At a high level, a teacher is unlikely to manage Apple MDM certificates in the Meraki Dashboard. They are more likely to want to control the specific classes of iPads, leaving the advanced options to administrators. Using Meraki’s tagging concept, teaching staff can be assigned the groups of devices they will work with.
Tags can be updated dynamically, for example by time. This allows for teachers to be given control of different sets of devices depending on their schedule. Time is only one of the many dynamic tags available in Systems Manager, with others such as location, or the owner also being available. Further information is available here
Show and tell
AirPlay is great for allowing teachers to easily display their screens to the whole class, but what about students? This ease of use can become a problem without control. How do you prevent students from taking control of unsecured AppleTV devices? Securing them with a password provides access control but has other problems. How do you allow students to use AirPlay when you want, but prevent access when you don’t?
AirPlay settings can be pre-provisioned in Systems Manager so that student iOS devices have all the settings ready to use, including password.
This prevents students being given the password, while making the teacher’s life easier as all the settings are ready to use on the class devices, not just their own. They can select the student’s device they wish display, choose their classroom from the drop down, and click AirPlay.
Combining this functionality with app lock allows a teacher to have the whole class focused on their fellow student’s screen, not distracted by their own.
You will need this
Some of us here in the Meraki office remember carrying heavy bags laden with books. Worse, we remember getting in trouble for having left one behind! Fortunately students today are looked after by Systems Manager with the Backpack feature.
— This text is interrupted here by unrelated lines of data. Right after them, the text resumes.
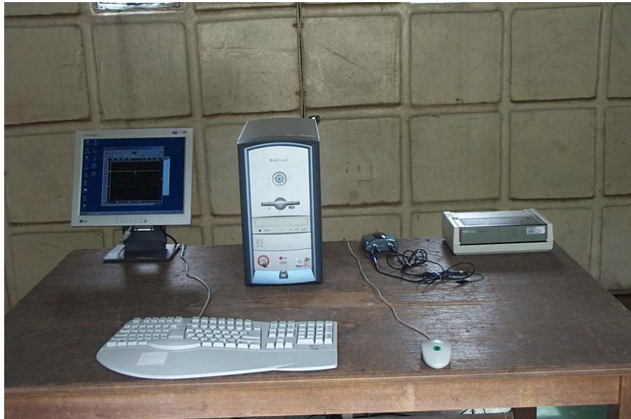
Photograph 2: Setup for Radiated Emissions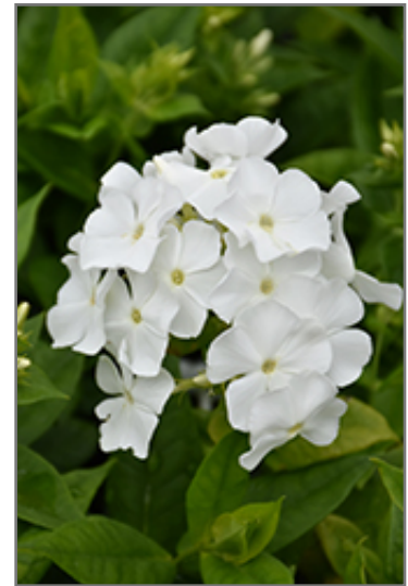
Flame White Garden Phlox flowers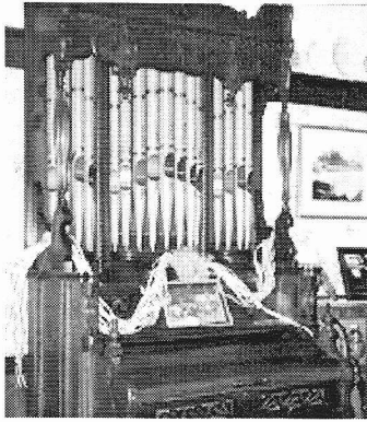
The historic Tokeland Hotel enjoys a resurgence of usefulness. Antiques fill the lobby including the elaborate pump organ at the left.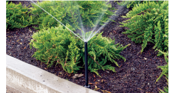
Limit plant watering to twice a week.

More Outdoor Tips click below www.savingwater.org/LawnGarden/index.htm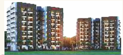
Gardenia Near Isthapark, Cochin

Disclaimer : This brochure is purely conceptual and does not constitute a legal offering. The promoters/developers reserve the right to alter/delete/add specifications mentioned herein.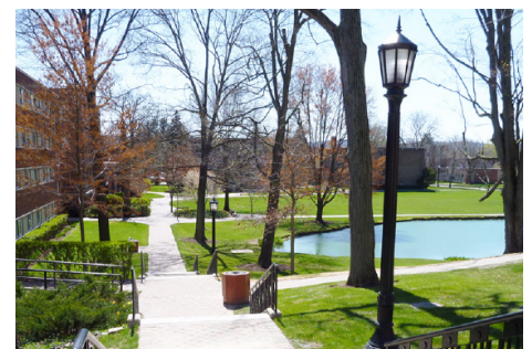
Elmira College Pedestrian Improvements City of Elmira, NY

Backpack can automatically download files and content to devices, storing it for use. Not only does digital content delivery take the strain off young shoulders, but it ensures that nothing gets left behind and only the most up-to-date material is available for learning.
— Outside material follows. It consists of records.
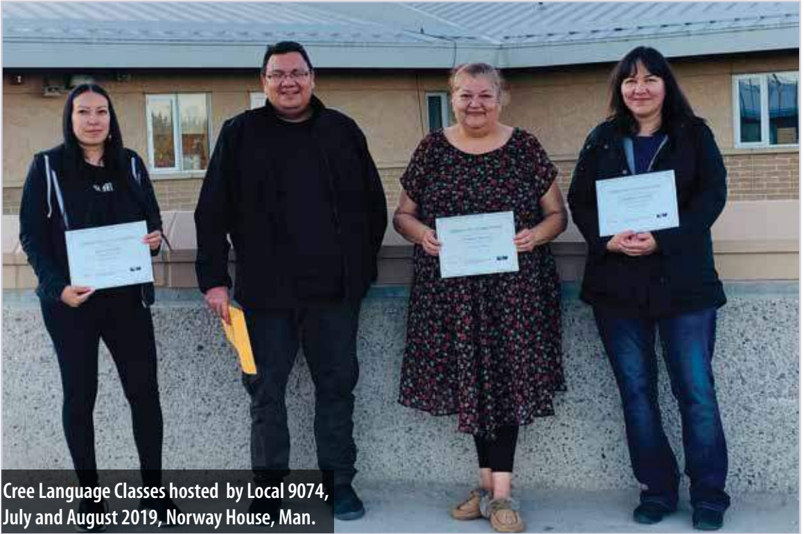
Cree Language Classes hosted by Local 9074, July and August 2019, Norway House, Man.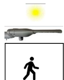
Above daylight threshold lamp off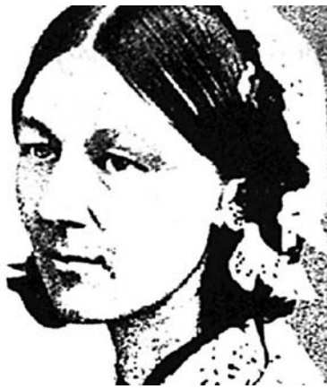
Florence Nightingale, the 19th century reforming British nurse.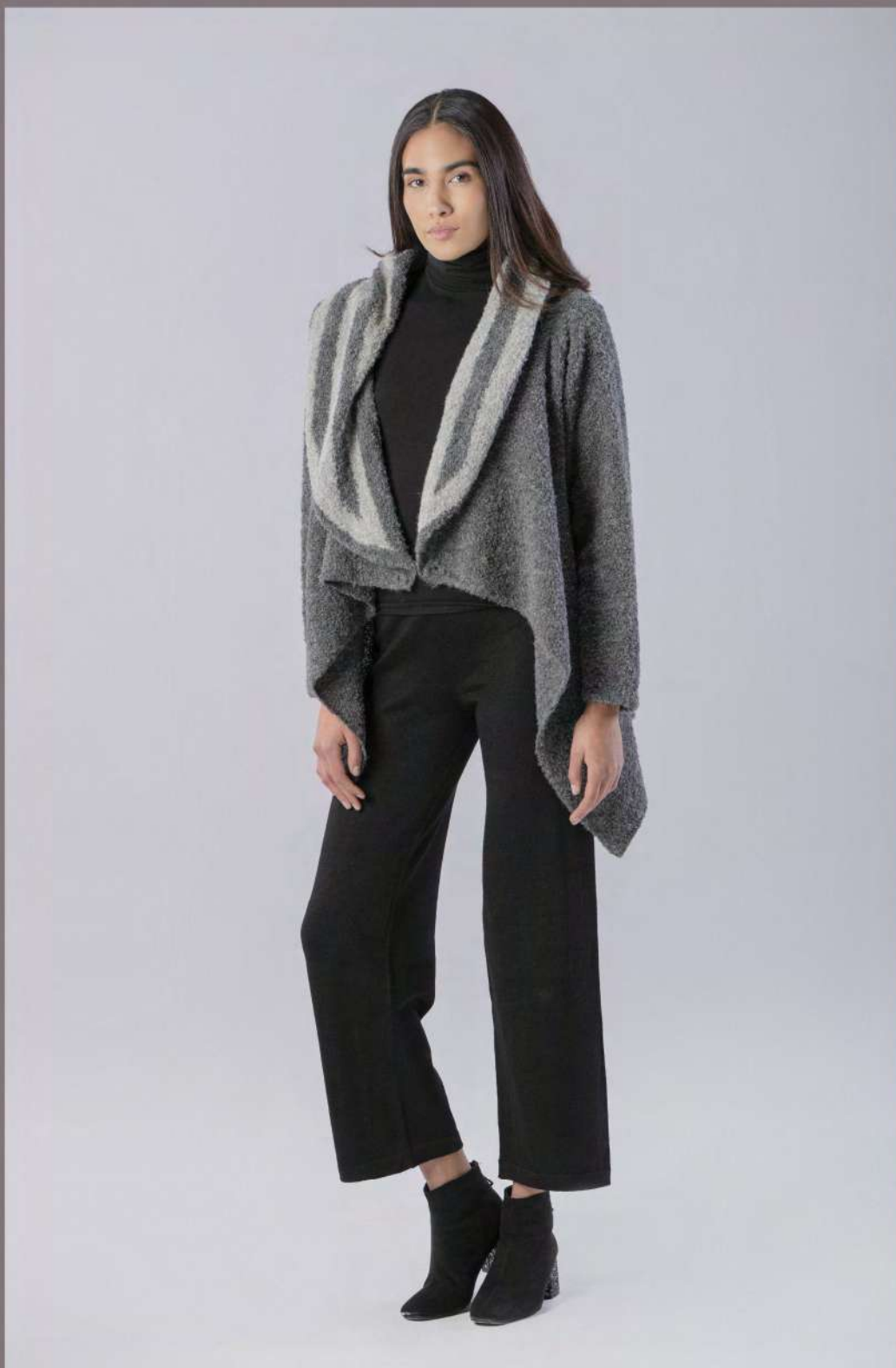
Cardigan HANNA PM2236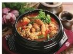
Pollack roe soup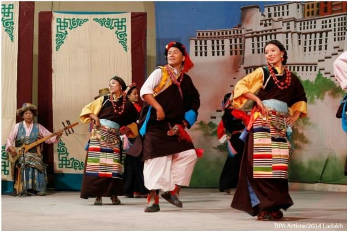
The interdisciplinary trained TIPA-students are important culture ambassadors for Tibet.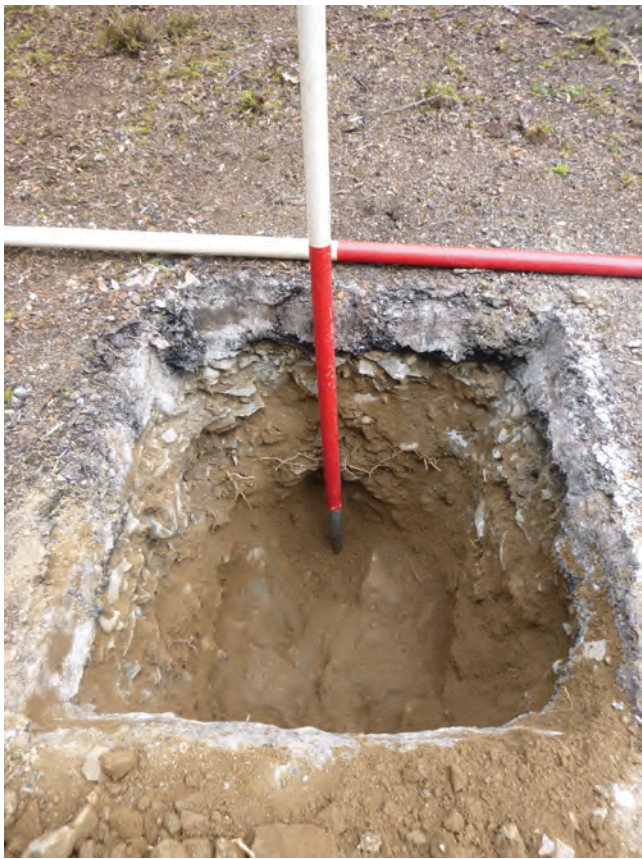
Fig. 12: Trial Pit 4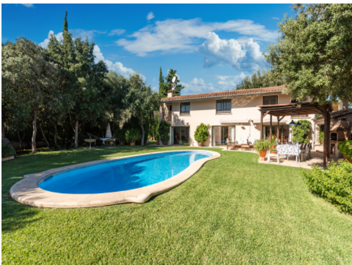
Exterior view and pool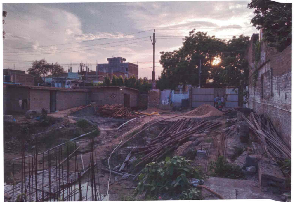
Project Name - KISHORI JAGDISH APARTMENT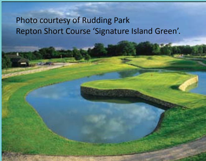
Photo courtesy of Rudding Park Repton Short Course 'Signature Island Green'.

Along with documents, lesson plans, and test results delivered via Backpack; the Meraki MDM app provides students access to a library of managed apps. Students can have core apps automatically pushed to their device, but collections of extra curricula content can be offered. Again, managed through powerful tags, individual students, classes, or sets of devices, can be given the exact content they need.
A TA for every classroom
Putting educators first, while not limiting the powerful creative potential of technology, is an essential goal of making our schools ready for the future. With Systems Manager’s new features, you have a new Teacher’s Assistant helping you manage the digital classroom.